A sample configuration file to configure the dataset converter of Pose Classification looks as shown below

pose_type: "3dbp"
num_joints: 34
frame_width: 1920
frame_height: 1080
focal_length: 1200.0
sequence_length_max: 300
sequence_length_min: 10
sequence_length: 100
sequence_overlap: 0.5

The following table explains the configurable parameters of the dataset converter.

Parameter Name Description Type Supported Values Sample Values
pose_type The type of body pose string 3dbp, 25dbp, or 2dbp 3dbp
num_joints The total number of joints in the skeleton graph layout int 34
frame_width The width of the video frame in pixel int 1920
frame_height The height of the video frame in pixel int 1080
focal_length The focal length that the video was captured in float 1200.0
sequence_length_max The maximum sequence length in frame int 300
sequence_length_min The minimum sequence length in frame int 10
sequence_length The sequence length for sampling sequences int 100
sequence_overlap The overlap between sequences during samping float 0.5

Re_identification

The Re_identification inference sample has 2 components that can be configured

  1. Model Repository
  2. Configuring the Re_identification model Post-processor

Configuring the Re_identification model entry in the model repository

The model repository is the location on the Triton Server, where the model served from. Triton expects the models in the model repository to be follow the layout defined here.

A sample model repository for a Re_identification model would have the following contents.

model_repository_root/
    re_identification_tao/
        config.pbtxt
        1/
            model.plan

The config.pbtxt file, describes the model configuration for the model. A sample model configuration file for the Re_identification model would look like this.

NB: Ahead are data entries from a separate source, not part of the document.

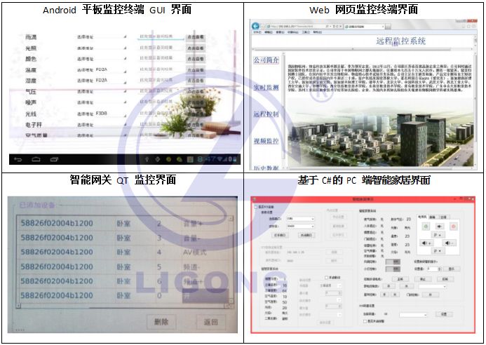 系統軟件默認采用 C/S 結構,主要包括無(wú)線(xiàn)網(wǎng)絡(luò )傳感器數據透明傳輸軟件、智能網(wǎng)關(guān)基于 Qt 的智能家居系統軟件、基于 Android 的智能家居系統軟件、基于 C#的智能家居系統軟件。同時(shí)系統提供基于 B/S 體系結構的智能家居網(wǎng)絡(luò )化遠程監控軟件。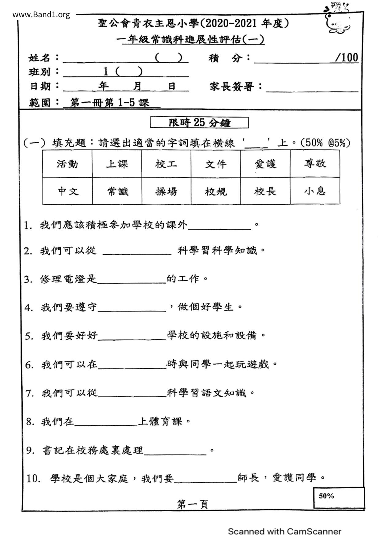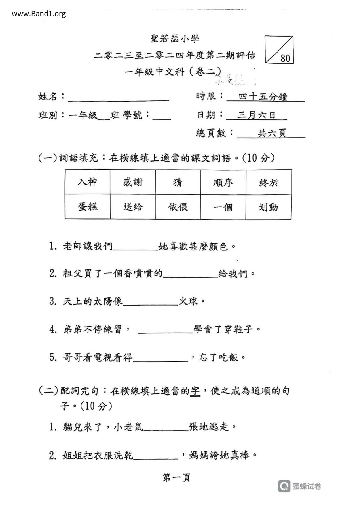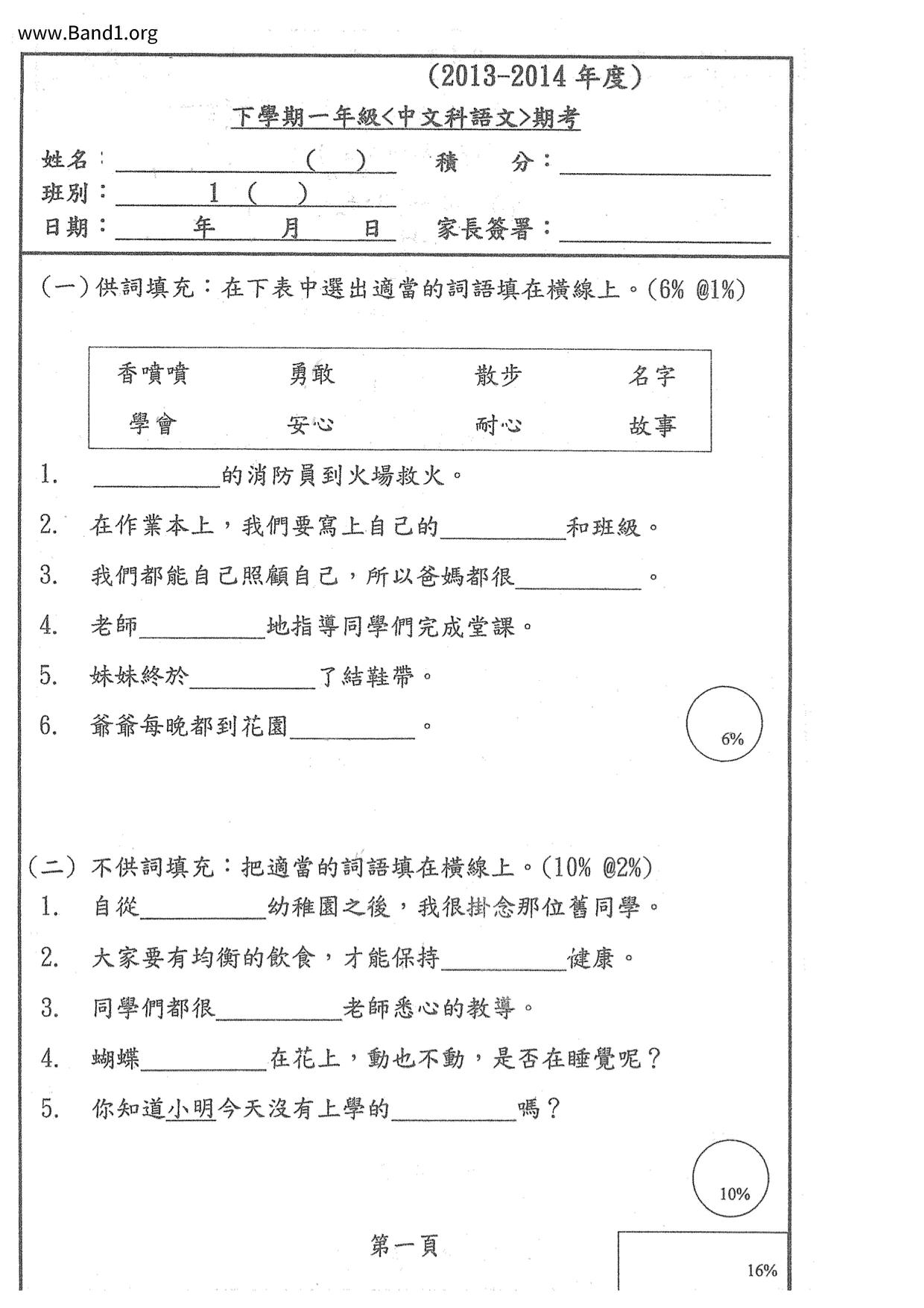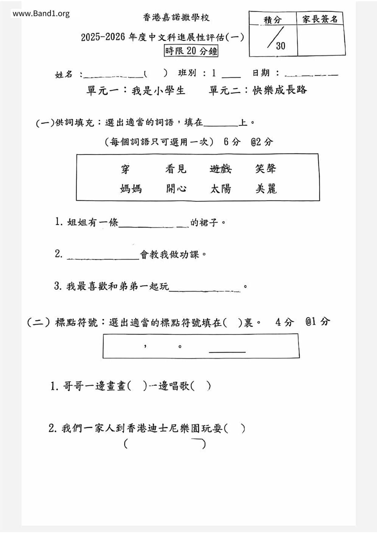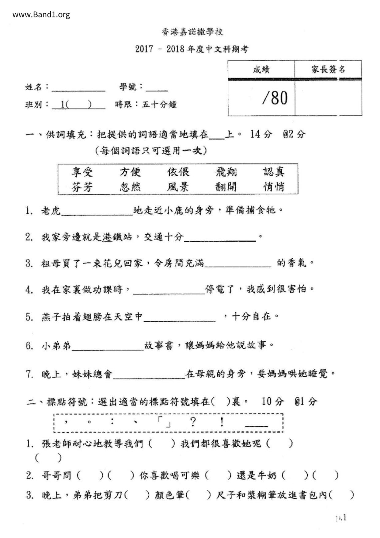 小一 中文 基督教香港信義會馬鞍山信義學校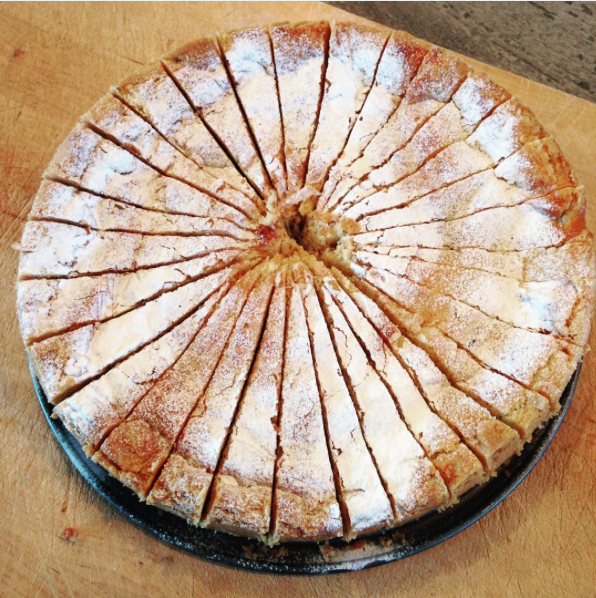 Na het hoofdgerecht wordt het dessert inclusief koffie en limoncello geserveerd. Koffie in de grootste percolator die we ooit zagen én een fles limoncello, uiteraard weer om te delen. Als dessert boterkoek met rozemarijn en zeezout waar we sindsdien nog elke dag aan denken.

name: "re_identification_tao"
platform: "tensorrt_plan"
max_batch_size: 16
input [
  {
    name: "input"
    data_type: TYPE_FP32
    format: FORMAT_NCHW
    dims: [ 3, 256, 128 ]
  }
]
output [
  {
    name: "fc_pred"
    data_type: TYPE_FP32
    dims: [ 256 ]
  }
]
dynamic_batching { }

The following table explains the parameters in the config.pbtxt

Parameter Name Description Type Supported Values Sample Values
name The user readable name of the served model string re_identification_tao
platform The backend used to parse and run the model string tensorrt_plan tensorrt_plan
max_batch_size The maximum batch size used to create the TensorRT engine.
This should be the same as the max_batch_size parameter of the tao-converter
int 16
input Configuration elements for the input nodes list of protos/node
output Configuration elements for the output nodes list of protos/node
dynamic_batching Configuration element to enable dynamic batching using Triton proto element

The input and output elements in the config.pbtxt provide the configurable parameters for the input and output nodes of the model that is being served. As seen in the sample, a Re_identification model has 1 input node input and 1 output node fc_pred.

Configuring the Re_identification model Post-processor

Refer to model_repository/re_identification_tao folder.